Spoonfeed your birds (not literally) with this feeder, which uses old wooden spoons as perches for your backyard birds to sit on as they eat their seed from the feeder.
- 2 wooden spoons
- 1 empty soda bottle
- Craft knife
- Small eye screw
- Twine for hanging
- Draw two Xs on the side of a bottle, one about 3 inches below the other. Then put two Xs on the opposite side of the bottle directly across from the first Xs.
- Use a craft knife to cut slits at each X – this will be where you will insert the wooden spoons.
- Insert the wooden spoons through the slits one at a time, handle first, until each spoon skewers the bottle.
- Remove the bottle cap and twist the eye screw into it for hanging. Put the cap back on.
- Cut a length of twine and thread it through the eye screw.
- Fill the bottle with bird seed and hang it from a tree.
Bird Seed Wreath
It may be a while until the holidays, but bird seed wreaths are always in season, and can attract all sorts of feathered friends to your door.
- 2 cups bird seed
- Nonstick cooking spray
- Bundt pan
- 2 packet gelatin
- 1 cup water
- Mix two packets of gelatin in 1 cup of water. Simmer until the gelatin has completely dissolved.
- Stir in two cups of bird seed, mix well.
- Spray your bundt pan with nonstick cooking spray.

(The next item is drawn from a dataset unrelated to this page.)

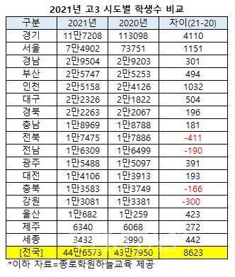 [베리타스알파=강태연 기자] 올해 고3 학생 수는 44만6573명으로 지난해 43만7950명과 비교해 8623명 증가했지만 비수도권 대학의 신입생 충원율 미달은 계속될 것으로 보인다. 지역별로 수도권 지역은 21만7268명으로 전년 대비 6293명 증가했지만, 비수도권 중 강원 충북 전북 전남은 전년 대비 인원이 감소한 것으로 나타났다. 2022대입에서도 수도권과 비수도권 지역의 대학 신입생 충원율의 격차는 여전하고, 특히 지역별 전북 전남 강원 충북 지역 대학의 신입생 충원 어려움은 가속화할 것으로 예상된다. 5일 종로학원하늘교육(종로학원)은 이 같은 내용을 담은 ‘2021 전국 초중고 교육통계 상세분석’을 공개했다.

- Pour seed-gelatin mix into the pan, and press lightly to pack it in so it takes the complete shape of the pan. Chill for two hours in the fridge.
- Turn pan upside down to remove. If it is still stuck to the pan, run a butter knife along the side to release it.

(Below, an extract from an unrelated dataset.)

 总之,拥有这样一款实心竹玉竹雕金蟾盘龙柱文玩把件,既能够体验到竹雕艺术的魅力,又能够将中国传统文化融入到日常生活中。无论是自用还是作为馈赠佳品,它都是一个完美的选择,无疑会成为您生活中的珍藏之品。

- Hang the wreath with a length of ribbon from a tree or fence.
Milk Carton Bird Feeder
The classic DIY bird feeder: Reuse your old milk or orange juice cartons to make this feeder and feel especially good about giving back to the environment.
- Empty milk or juice carton
- Using the scissors, cut a piece of the front of the carton, as well as part of the side. Make sure you make the space big enough for a bird to fit in and perch while they eat.
- Poke a hole through the top flap on the carton, and string the twine through it.
- Fill the bird feeder until the seed reaches the bottom of your opening (so that it does not spill out).
- Hang your feeder on a branch for the birds to enjoy.
Jug Bird Feeder
For an even bigger feeder, try using a milk jug or an empty, cleaned bleach or detergent jug.
- Milk jug or bleach/detergent jug
- Eye screw
- Using the marker, draw a doorway on the jug that is large enough for a bird to fit in.
- Where you drew, use the scissors to cut the door open. You can leave the bottom part attached so the bird has a bit more of a perch to use.
- Push an eye screw into the top and secure it, then put string through it and tie to a tree.
- Fill with bird seed and see who comes to visit your feeder.